---------- Data listing ----------

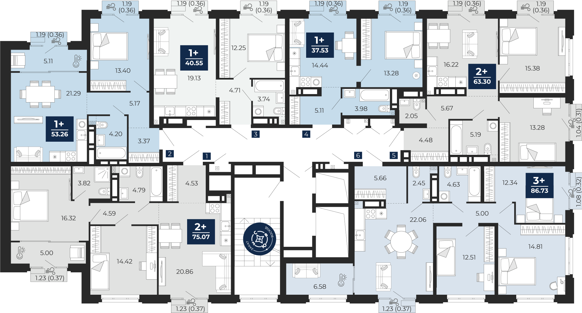 Квартира № 312, 3-комнатная, 86.73 кв. м, 5 этаж
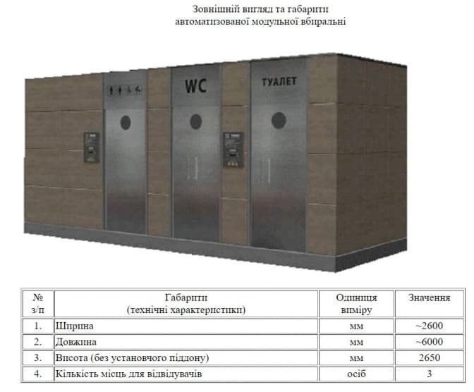 У закупівлі вказано, що модульна вбиральня має мати одну кабінку для відвідувачів з обмеженими фізичними можливостями та батьків з немовлятами, дві кабінки звичайного типу та кабіни для обслуговування.
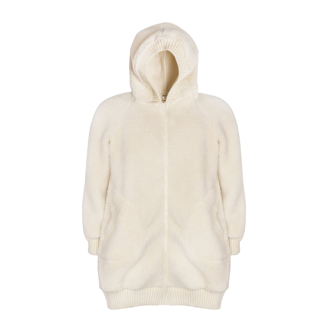 What will keep you nice and warm all winter? Try combining all the best features in one piece of clothing - soft sheep wool, long cut, a hood to protect your neck and head from the cold and drafts, pockets and a zipper.
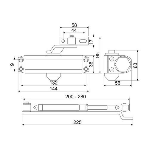 Dveřní zavírač RZ.202 pro interiérové dveře, černý
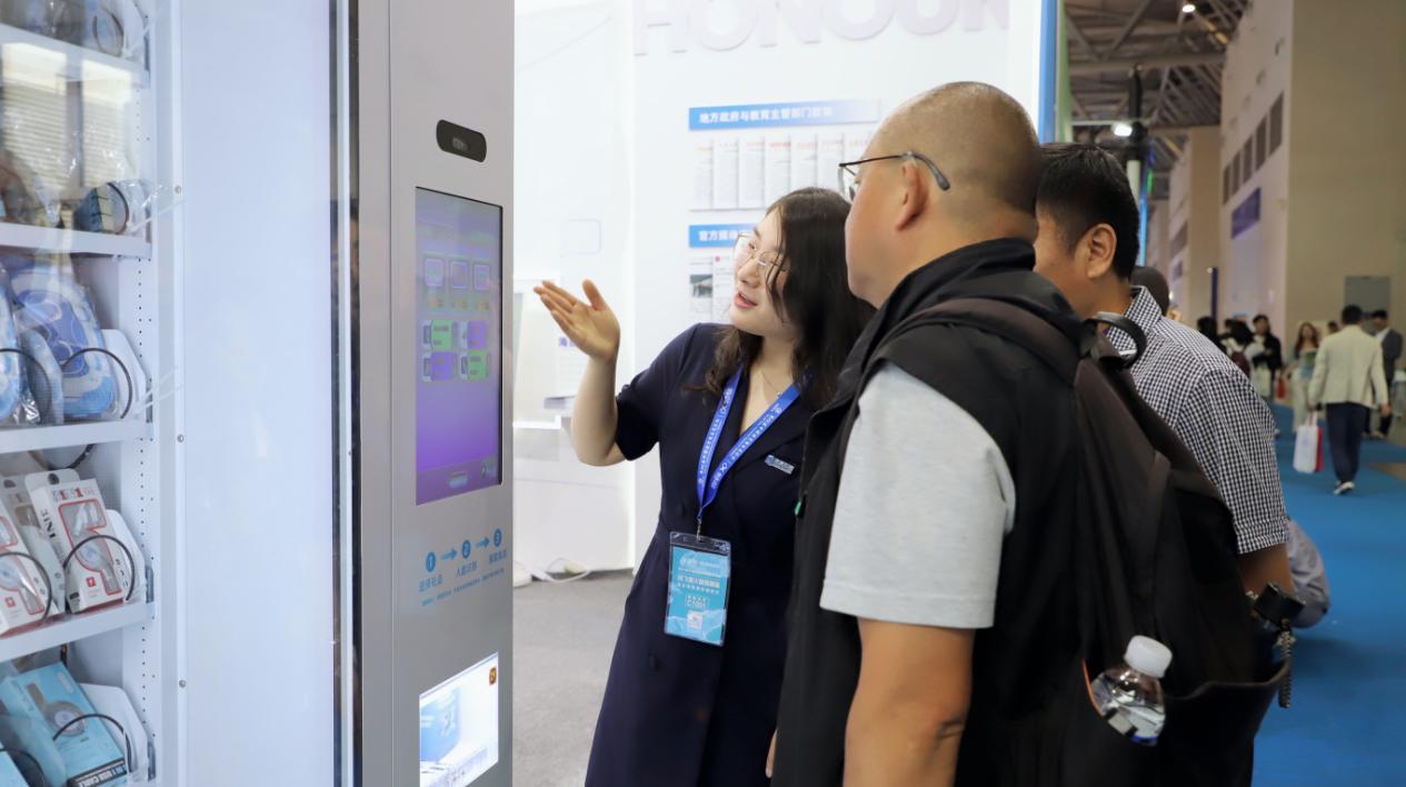 现场,积分柜兑换互动吸睛无数,参展观众在深度体验产品的同时,也能收获惊喜。积分柜与综合素质评价产品“星未来”打通,是海亮科技软硬件深度结合的典型案例。学生们可以使用“五育”积分,兑换虚拟和实物两种不同类型的奖品,自己“赚钱”自己花,潜移默化地激励学生自主提升综合素质。
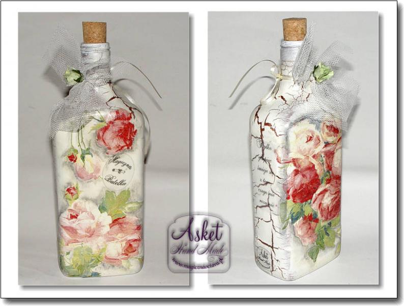 И так о бутылках. Очень хочется не просто ставить наши бутылки на стол, а немного их задекорировать. Многр разных мыслей. Надеюсь на вашу помощь. 1. Декупаж, наверное сделаю шампанское много бутылок (придется их потом забрать, а может кто-то из гостей захочет) Очень люблю эту технику, да и время не много относительно занимает. Единственное конденсат не испортит ли его? Напитки ж будут охлаждаться. Но наверное побольше слоев лака и все будет отличною Чтобы вы понимали о чем я, прилагаются картинки как это примерно будет выглядеть. Но это не окончательный вариант, да и наверное бутылки будут разные. Обязательно будет присутствовать кружево, ленты и наверное немного жемчужин.

----------

**How to complete this task**: Repeat exactly and only the lines from the start of the data above through the line that holds "Dveřní zavírač RZ.202", inclusive. Pictures do not belong in the copy.

**Response below**:
 Квартира № 312, 3-комнатная, 86.73 кв. м, 5 этаж
 У закупівлі вказано, що модульна вбиральня має мати одну кабінку для відвідувачів з обмеженими фізичними можливостями та батьків з немовлятами, дві кабінки звичайного типу та кабіни для обслуговування.
 What will keep you nice and warm all winter? Try combining all the best features in one piece of clothing - soft sheep wool, long cut, a hood to protect your neck and head from the cold and drafts, pockets and a zipper.
 Dveřní zavírač RZ.202 pro interiérové dveře, černý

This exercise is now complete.